> **The data**:
*** Block opens ***

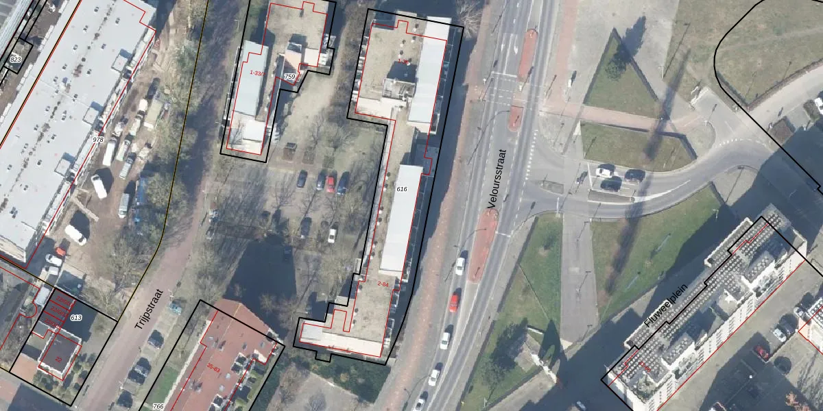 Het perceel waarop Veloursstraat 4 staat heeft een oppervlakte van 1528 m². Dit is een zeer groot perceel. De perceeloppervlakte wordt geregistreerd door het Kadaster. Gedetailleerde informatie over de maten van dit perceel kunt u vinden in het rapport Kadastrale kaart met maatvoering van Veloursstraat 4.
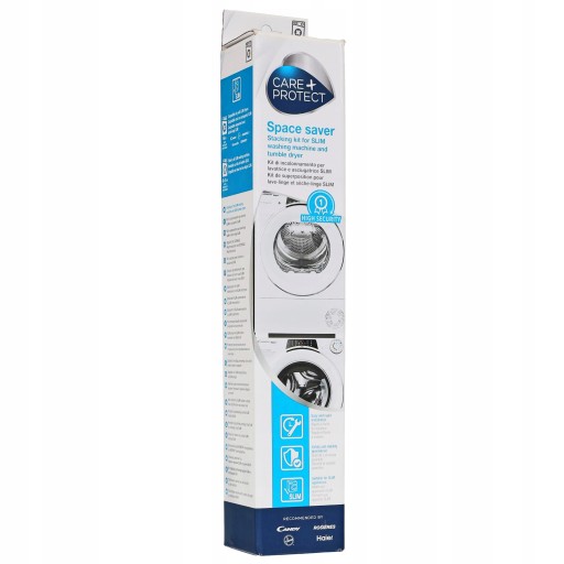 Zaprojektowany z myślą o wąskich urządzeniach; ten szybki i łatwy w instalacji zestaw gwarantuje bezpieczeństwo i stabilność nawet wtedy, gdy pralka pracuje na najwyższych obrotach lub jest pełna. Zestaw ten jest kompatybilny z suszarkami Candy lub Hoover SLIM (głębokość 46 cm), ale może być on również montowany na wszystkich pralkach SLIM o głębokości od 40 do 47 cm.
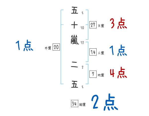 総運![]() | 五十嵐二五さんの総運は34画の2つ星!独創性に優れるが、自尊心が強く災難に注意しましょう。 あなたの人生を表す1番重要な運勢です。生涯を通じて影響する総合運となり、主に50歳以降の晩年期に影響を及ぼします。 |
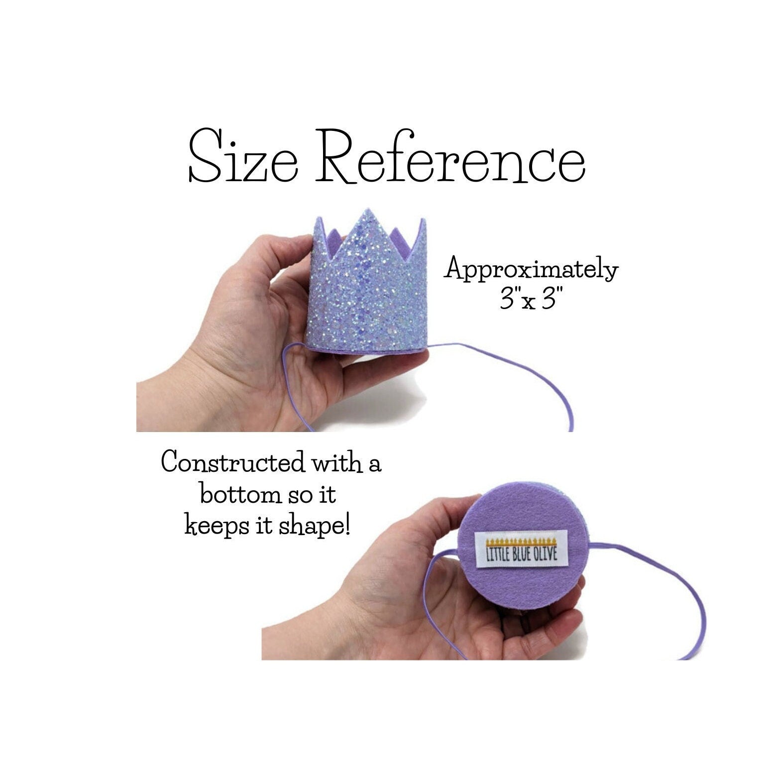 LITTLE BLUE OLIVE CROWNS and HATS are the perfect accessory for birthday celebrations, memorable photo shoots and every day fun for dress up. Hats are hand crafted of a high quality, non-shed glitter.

*** Block closes ***

> **To do**:
Copy out exactly, without any pictures, the lines above that begin at the one with "総運![]() | 五十嵐二五さんの総運は34画の2つ星!独創性に優れるが、自尊心が強く災難に注意しましょう。" and end at the last line of the listing.

> **Exercise result**:
 総運![]() | 五十嵐二五さんの総運は34画の2つ星!独創性に優れるが、自尊心が強く災難に注意しましょう。 あなたの人生を表す1番重要な運勢です。生涯を通じて影響する総合運となり、主に50歳以降の晩年期に影響を及ぼします。 |
 LITTLE BLUE OLIVE CROWNS and HATS are the perfect accessory for birthday celebrations, memorable photo shoots and every day fun for dress up. Hats are hand crafted of a high quality, non-shed glitter.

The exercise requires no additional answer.